Пленный был не типичный, бумаг у него, как у молодого румынского локотемента – лейтенанта, невесть для чего берегущего все свое барахло. У немцев бумаг при себе обычно бывает куда меньше. Эта нетипичность оставляла надежду на то, что пленного можно разговорить.

– Ефрейтор Ёшке? – спросил он, раскрыв солдатскую книжку. И разворошил на столе стопку семейных фотографий. – Судя по снимкам, вы вроде бы не из богатых. Чем вам так уж люб ваш фашизм?

Пленный не ответил, лишь шевельнулся на табурете, передернул связанными руками.

– Я могу вас развязать. Но вы сами понимаете, если будете неправильно себя вести… – Преловский показал глазами на конвоира. Прием был не нов, но для начала годился. И теперь Преловский рассчитывал с помощью этого наивного приема понять пленного: дорожит он жизнью или фанатически рвется умереть?

– Развяжите, – сказал пленный.

Голос был злой, но Преловский все же кивнул конвоиру. Тот подошел к пленному сзади, одним резким движением сбросил веревку с его рук и отступил. Пленный сидел недвижно, медленно потирал запястья рук и вроде бы думал о чем-то. Преловский не торопил вопросами, знал: если пленный задумался, значит, есть надежда на контакт с ним.

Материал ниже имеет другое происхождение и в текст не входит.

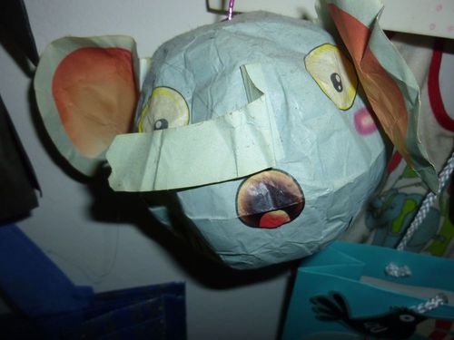 Kugel hellblau Papier, Rüssel: oben, Stoßzähne: nein

– Фашизм – это у Муссолини.

– Что?

– Вы спросили.

– Да, спросил, – спохватился Преловский. Он уж и забыл свой прощупывающий вопрос. Но немец есть немец, и тут педантичен. – Я спросил, почему вам, вроде бы не богатому человеку, так уж люб фашизм?

– У нас, в Германии, национал-социализм.

– Что же такое, по-вашему, национал-социализм?

– Вам этого не понять.

– Я попробую.

Пленный хмыкнул и отвернулся, уставился в темный угол, но тут же заговорил отрывисто и назидательно:

– Волкам и козам вместе не жить. Для одних стая, для других – стадо. Так и нации. Одинаковых на бывает. Одним бог дал повелевать, другим – исполнять повеления. Каждый человек хорош на своем месте, Порядок будет лишь тогда, когда каждый будет заниматься своим делом. Немцы, народ самой высокой организованности, призван навести на земле порядок. Поняли?

– Более менее, – сказал Преловский, растерявшийся от такого лобового национал-эгоизма. – Значит, война – это наведение порядка? Нечто вроде генеральной уборки?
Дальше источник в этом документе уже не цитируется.